• _INSTRUCTIONS FOR THE TASK_:
Make an exact transcript of the lines in the data below, starting with the one containing "First, let's take" and going on through the one containing "國務院(民國02年08月)。", with both included and the pictures left out.

---------- MATERIAL TO PROCESS ----------

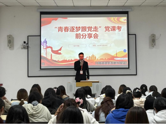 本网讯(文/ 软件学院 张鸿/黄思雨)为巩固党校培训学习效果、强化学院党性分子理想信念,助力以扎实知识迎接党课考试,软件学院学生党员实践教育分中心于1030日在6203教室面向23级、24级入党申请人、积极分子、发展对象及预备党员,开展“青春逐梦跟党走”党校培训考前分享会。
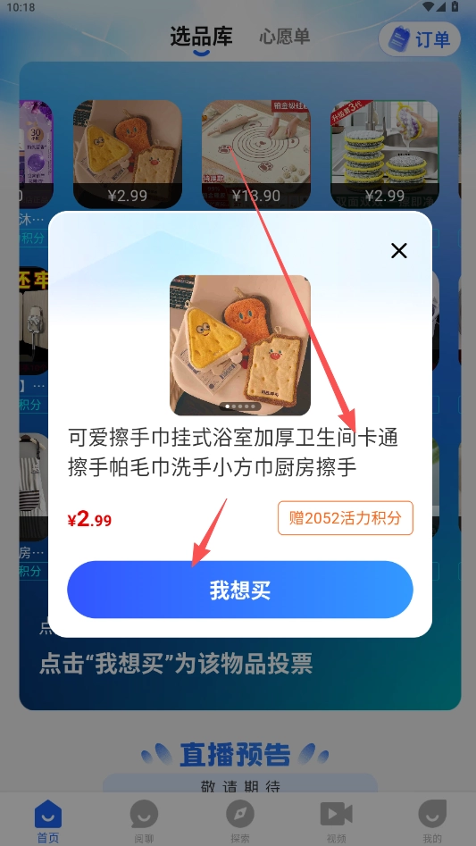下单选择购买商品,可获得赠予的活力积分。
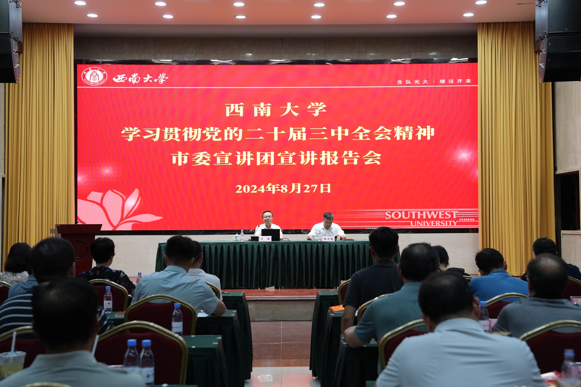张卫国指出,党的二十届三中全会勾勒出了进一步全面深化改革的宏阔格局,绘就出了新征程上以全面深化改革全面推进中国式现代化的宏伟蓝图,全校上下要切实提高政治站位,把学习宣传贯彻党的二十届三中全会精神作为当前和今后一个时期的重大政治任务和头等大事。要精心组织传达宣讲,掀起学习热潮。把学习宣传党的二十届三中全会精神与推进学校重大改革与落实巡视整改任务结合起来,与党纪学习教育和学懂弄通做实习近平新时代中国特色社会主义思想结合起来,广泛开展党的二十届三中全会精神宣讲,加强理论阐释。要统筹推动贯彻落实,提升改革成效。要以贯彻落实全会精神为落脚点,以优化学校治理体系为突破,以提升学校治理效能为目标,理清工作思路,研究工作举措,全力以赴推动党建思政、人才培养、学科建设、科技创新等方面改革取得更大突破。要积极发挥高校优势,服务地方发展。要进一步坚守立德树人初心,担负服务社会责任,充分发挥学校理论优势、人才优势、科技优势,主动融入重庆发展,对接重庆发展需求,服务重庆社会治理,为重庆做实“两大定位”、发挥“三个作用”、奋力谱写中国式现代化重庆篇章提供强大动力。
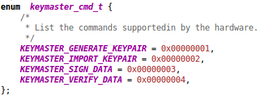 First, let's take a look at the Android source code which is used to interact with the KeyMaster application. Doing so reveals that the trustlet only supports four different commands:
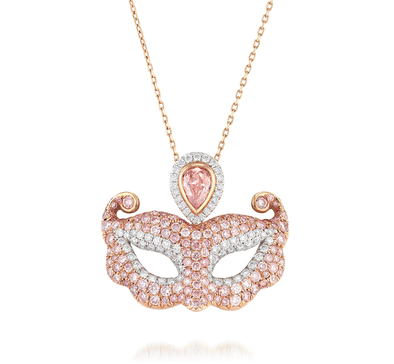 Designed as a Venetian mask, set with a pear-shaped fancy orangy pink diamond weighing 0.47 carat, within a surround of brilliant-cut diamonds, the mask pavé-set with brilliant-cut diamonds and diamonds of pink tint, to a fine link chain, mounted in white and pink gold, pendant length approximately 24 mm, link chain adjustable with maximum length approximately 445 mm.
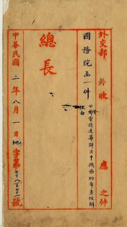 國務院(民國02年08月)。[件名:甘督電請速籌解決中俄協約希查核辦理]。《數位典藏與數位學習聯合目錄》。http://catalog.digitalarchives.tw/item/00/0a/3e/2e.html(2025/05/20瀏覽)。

----------
---------- MATERIAL TO PROCESS ----------

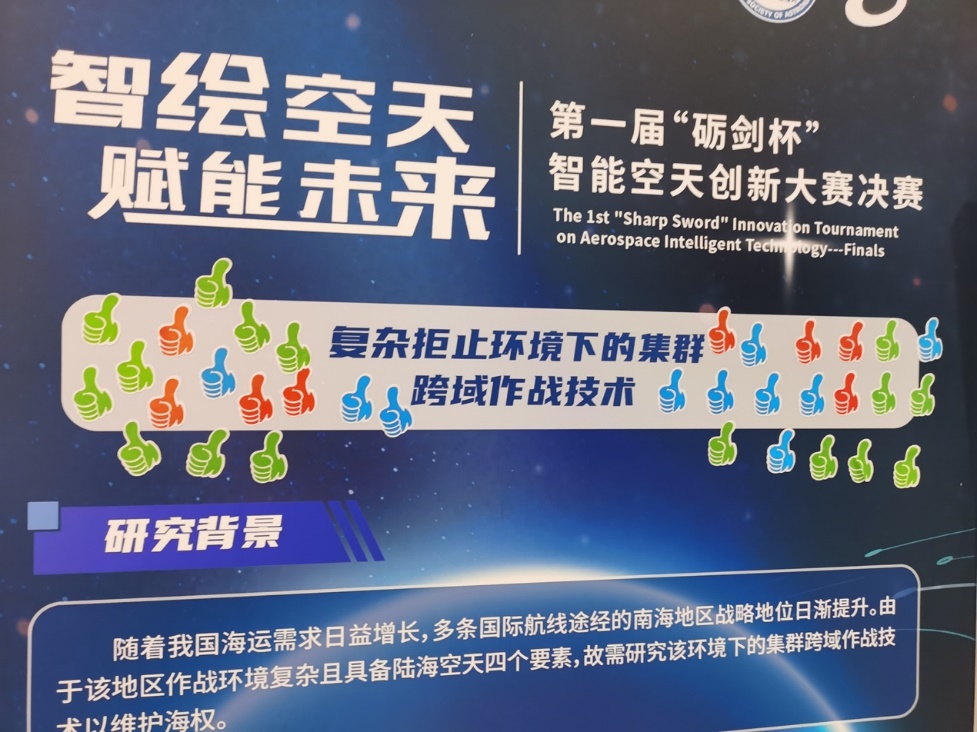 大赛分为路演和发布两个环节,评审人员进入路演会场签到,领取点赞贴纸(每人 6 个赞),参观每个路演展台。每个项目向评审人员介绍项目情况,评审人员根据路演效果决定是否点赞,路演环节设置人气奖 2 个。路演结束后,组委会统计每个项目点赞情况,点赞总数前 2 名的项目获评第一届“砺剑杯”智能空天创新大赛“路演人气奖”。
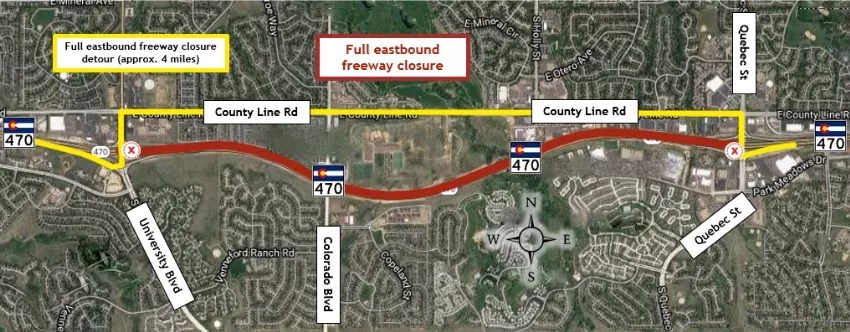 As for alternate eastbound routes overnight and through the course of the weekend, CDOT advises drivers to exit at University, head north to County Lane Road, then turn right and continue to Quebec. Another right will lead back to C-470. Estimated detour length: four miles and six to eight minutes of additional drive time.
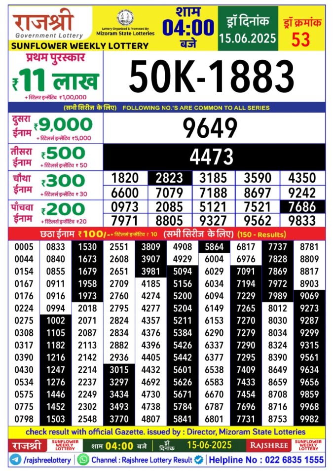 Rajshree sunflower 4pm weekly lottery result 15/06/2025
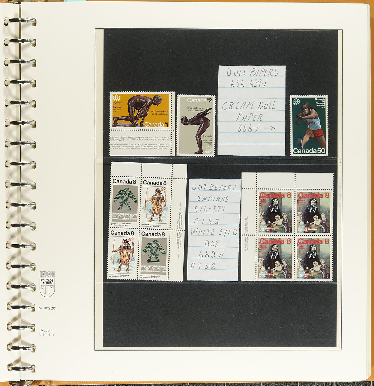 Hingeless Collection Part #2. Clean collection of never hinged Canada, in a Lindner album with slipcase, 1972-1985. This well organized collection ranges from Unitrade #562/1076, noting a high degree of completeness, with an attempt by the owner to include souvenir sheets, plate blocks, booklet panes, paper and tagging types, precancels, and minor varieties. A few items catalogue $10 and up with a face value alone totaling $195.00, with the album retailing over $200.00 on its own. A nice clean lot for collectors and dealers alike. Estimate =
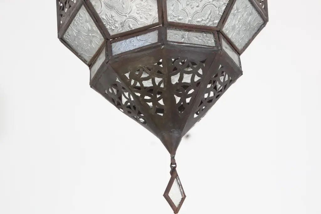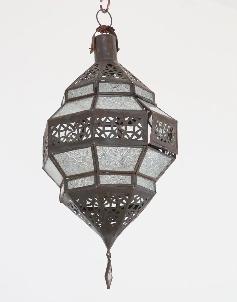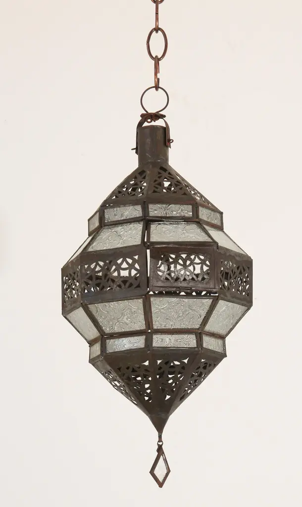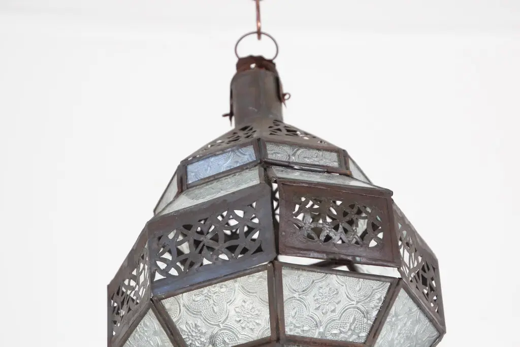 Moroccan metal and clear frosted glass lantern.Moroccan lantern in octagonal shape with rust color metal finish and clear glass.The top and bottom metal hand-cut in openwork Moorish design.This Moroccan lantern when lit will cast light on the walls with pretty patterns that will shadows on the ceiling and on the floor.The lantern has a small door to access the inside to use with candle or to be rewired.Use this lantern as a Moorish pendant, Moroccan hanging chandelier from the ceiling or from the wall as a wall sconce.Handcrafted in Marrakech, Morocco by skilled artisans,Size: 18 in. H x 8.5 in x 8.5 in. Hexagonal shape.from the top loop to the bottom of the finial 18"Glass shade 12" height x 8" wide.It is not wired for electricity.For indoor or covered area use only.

----------

• _EXERCISE ANSWER_:
 First, let's take a look at the Android source code which is used to interact with the KeyMaster application. Doing so reveals that the trustlet only supports four different commands:
 Designed as a Venetian mask, set with a pear-shaped fancy orangy pink diamond weighing 0.47 carat, within a surround of brilliant-cut diamonds, the mask pavé-set with brilliant-cut diamonds and diamonds of pink tint, to a fine link chain, mounted in white and pink gold, pendant length approximately 24 mm, link chain adjustable with maximum length approximately 445 mm.
 國務院(民國02年08月)。[件名:甘督電請速籌解決中俄協約希查核辦理]。《數位典藏與數位學習聯合目錄》。http://catalog.digitalarchives.tw/item/00/0a/3e/2e.html(2025/05/20瀏覽)。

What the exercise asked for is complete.